Instructions to follow
Please give back the listing below word for word and drop any images.

Dataset section

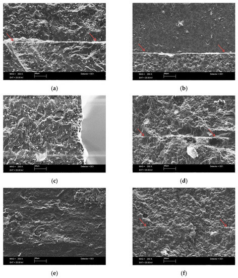 Images of the fractured surface with the scanning electron microscope (SEM); Palacos R+G revision at 4W + 1d (a), 4W + 3d (c), and 4W + 10d (e); (b) SmartSet MV revision at 4W + 1d (b), 4W + 3d (d), and 4W + 10d (f), red arrows show the line between the two layers.
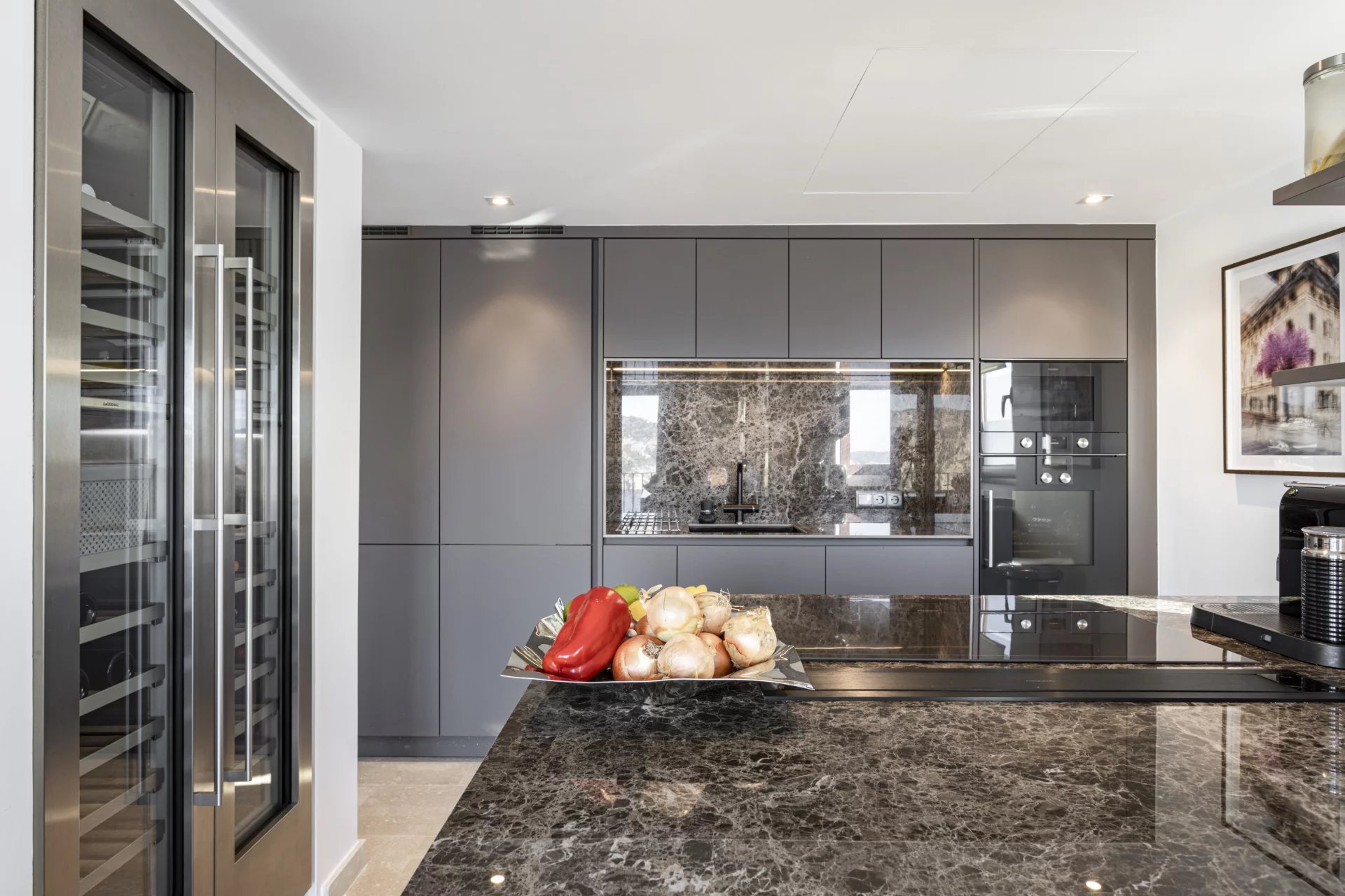 The interior living area has 141 sqm and includes, a lift/entrance hall, a large living/dining area with fireplace, and an open plan kitchen with breakfast island and Gaggenau appliances. The master bedroom is completed with an en-suite bathroom furnished with Duravit appliances. There is also a guest bedroom and a separate bathroom. Both bedrooms offer direct access to the terrace.
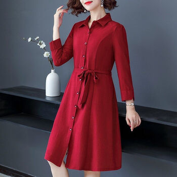 197.51元抢购【女装新款】妈妈秋装连衣裙2021中年新款阔太太洋气高贵衬衫中老年女春秋裙子 红色 3XL 【建议125-140斤】

Exercise response
 Images of the fractured surface with the scanning electron microscope (SEM); Palacos R+G revision at 4W + 1d (a), 4W + 3d (c), and 4W + 10d (e); (b) SmartSet MV revision at 4W + 1d (b), 4W + 3d (d), and 4W + 10d (f), red arrows show the line between the two layers.
 The interior living area has 141 sqm and includes, a lift/entrance hall, a large living/dining area with fireplace, and an open plan kitchen with breakfast island and Gaggenau appliances. The master bedroom is completed with an en-suite bathroom furnished with Duravit appliances. There is also a guest bedroom and a separate bathroom. Both bedrooms offer direct access to the terrace.
 197.51元抢购【女装新款】妈妈秋装连衣裙2021中年新款阔太太洋气高贵衬衫中老年女春秋裙子 红色 3XL 【建议125-140斤】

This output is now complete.